• About this task:
Each record should be given again exactly, and any picture in it left out.

• Records for the exercise:
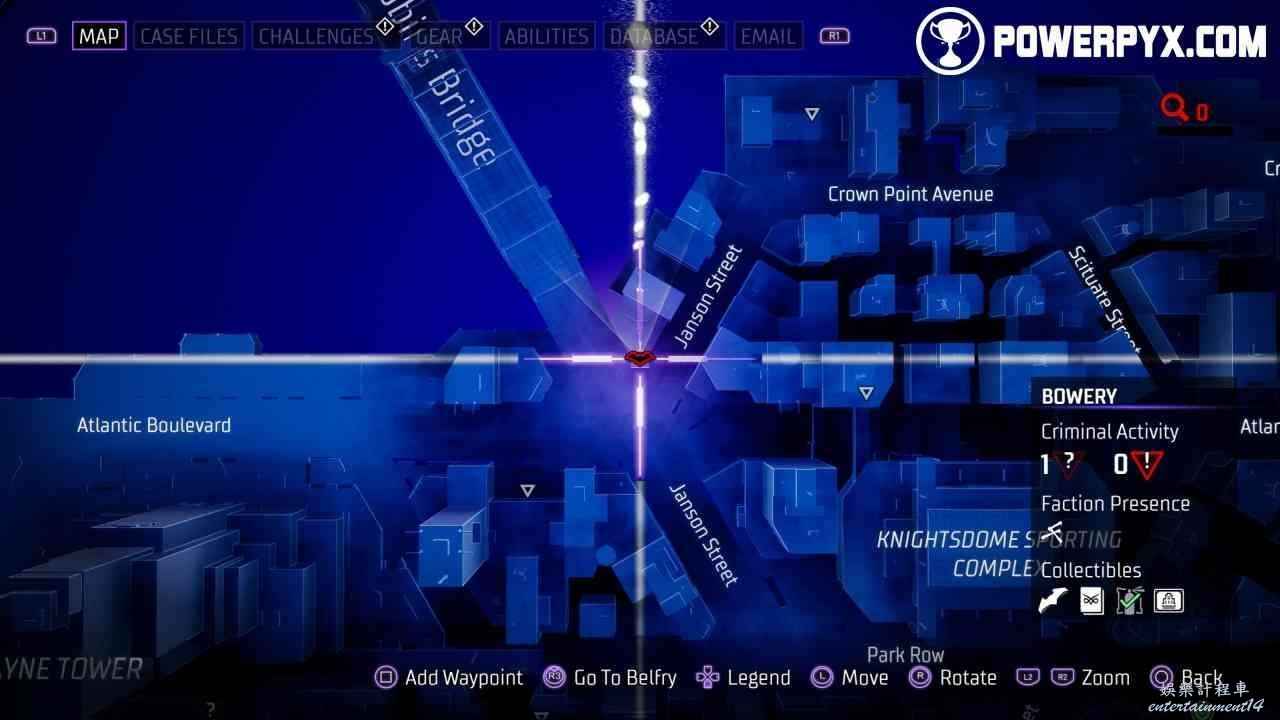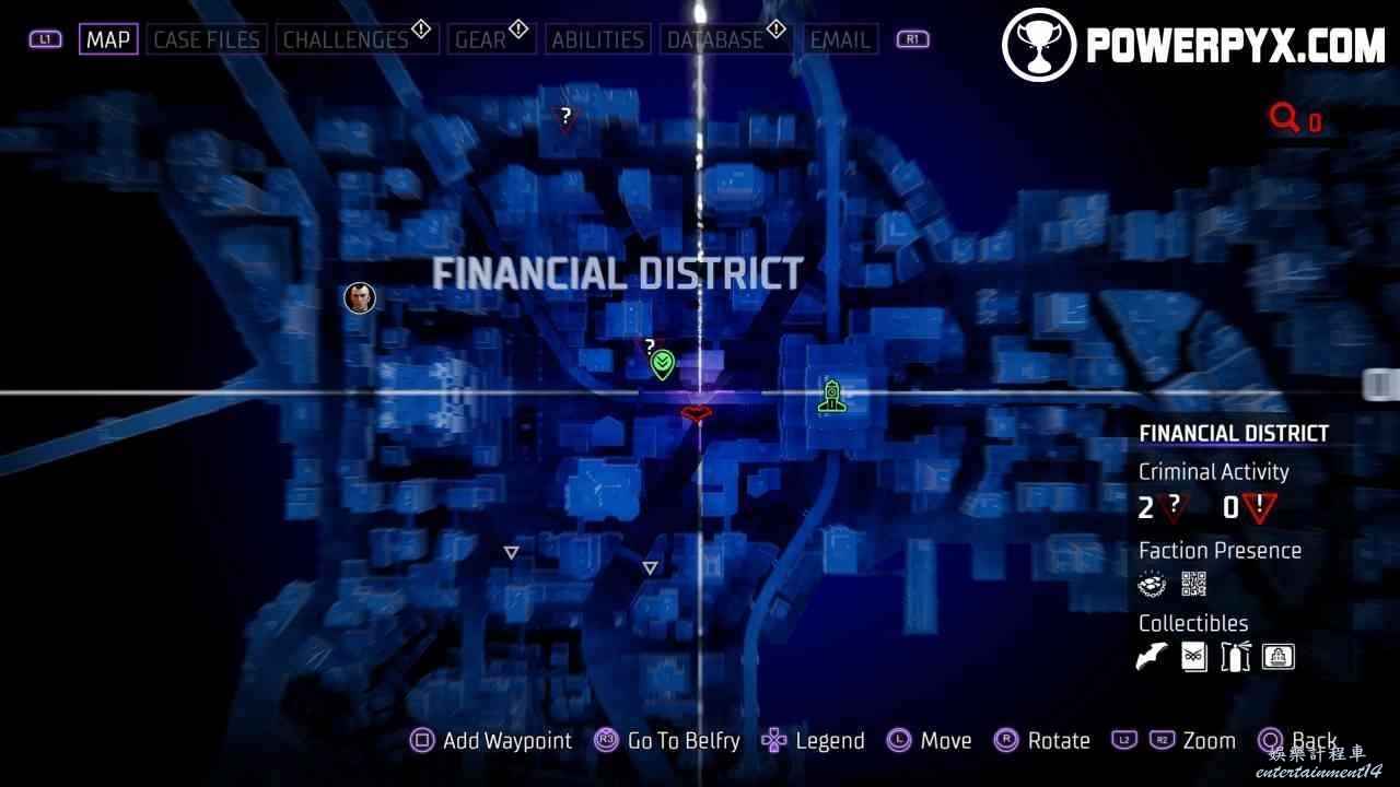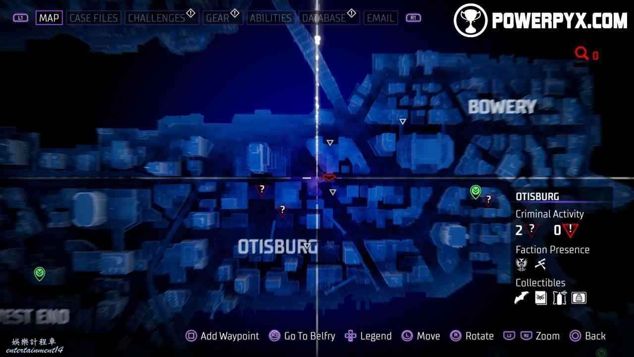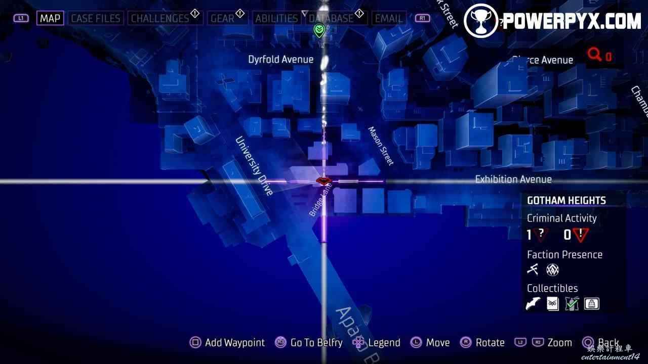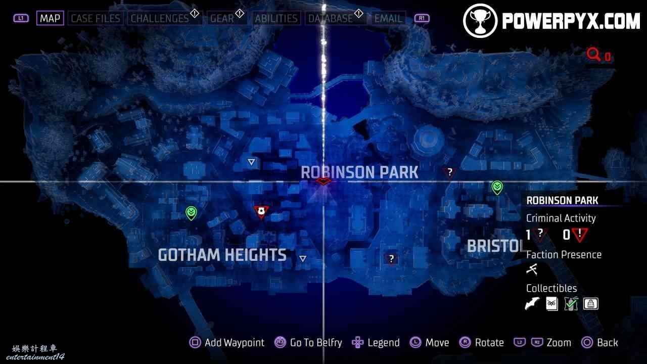 蒂姆的哥譚市街頭藝術項目的所有壁畫都可以在開放世界自由探索時獲得,無關主線進度,且不用擔心漏掉,通關主線後也可以獲得。壁畫大多都是占滿建築物整面牆的塗鴉繪畫,按【十字鍵-下】掃描壁畫會出現橙色輪廓,靠近時就很容易看到。按住【十字鍵-下】瞄準壁畫,掃描大約2秒左右即可收集。本文會按照自南向北的順序列出所有壁畫位置。
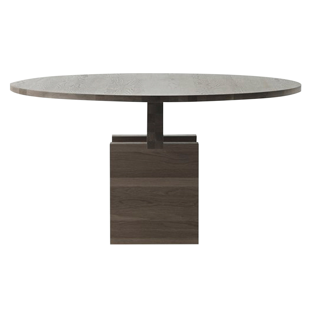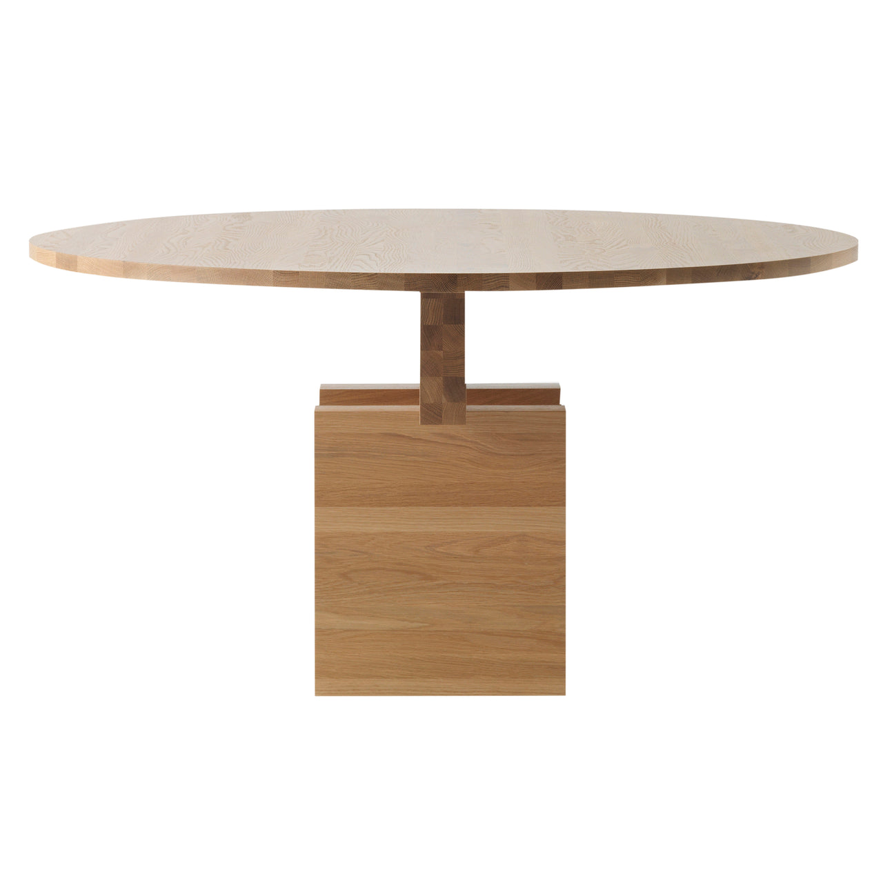 Remarkably poised despite its seemingly unbalanced proportions, New Zealand designer Jamie McLellan adds a round dining version to his stacked-plank table series. Plane's solid engineering assures the center-aligned boards, cross beam and tabletop are securely held together with clever internal bracketing that's smartly hidden away within the solid timber. And the table ships efficiently flat-packed by maker Resident of New Zealand for untroubled easy assembly on arrival.
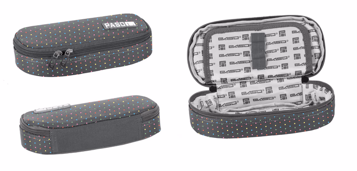 Premium padded pencil case, one compartment, additional partition inside, made all over with pattern fabric
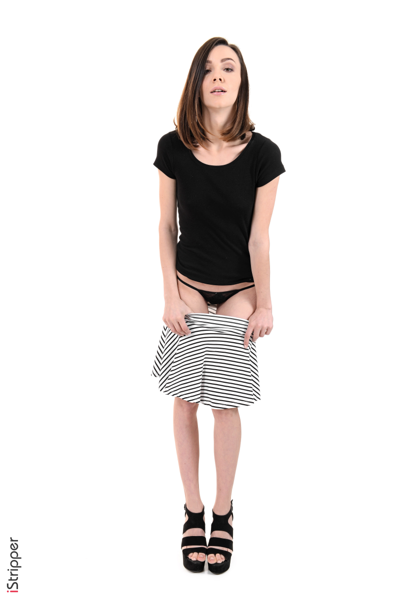 During the striptease scene "Soft Touch", a lovely stripper, Adel Morel, seductively shows off her figure in a black shirt, striped skirt and platform heels. She is pulling up the striped skirt to give you a steamy view of her lingerie which leaves very little to the imagination.
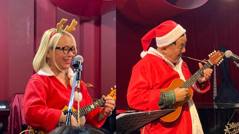 最後はとっき~&越後屋の歌の掛け合いで「ウクレレクリスマス」

• Solution to this problem:
 蒂姆的哥譚市街頭藝術項目的所有壁畫都可以在開放世界自由探索時獲得,無關主線進度,且不用擔心漏掉,通關主線後也可以獲得。壁畫大多都是占滿建築物整面牆的塗鴉繪畫,按【十字鍵-下】掃描壁畫會出現橙色輪廓,靠近時就很容易看到。按住【十字鍵-下】瞄準壁畫,掃描大約2秒左右即可收集。本文會按照自南向北的順序列出所有壁畫位置。
 Remarkably poised despite its seemingly unbalanced proportions, New Zealand designer Jamie McLellan adds a round dining version to his stacked-plank table series. Plane's solid engineering assures the center-aligned boards, cross beam and tabletop are securely held together with clever internal bracketing that's smartly hidden away within the solid timber. And the table ships efficiently flat-packed by maker Resident of New Zealand for untroubled easy assembly on arrival.
 Premium padded pencil case, one compartment, additional partition inside, made all over with pattern fabric
 During the striptease scene "Soft Touch", a lovely stripper, Adel Morel, seductively shows off her figure in a black shirt, striped skirt and platform heels. She is pulling up the striped skirt to give you a steamy view of her lingerie which leaves very little to the imagination.
 最後はとっき~&越後屋の歌の掛け合いで「ウクレレクリスマス」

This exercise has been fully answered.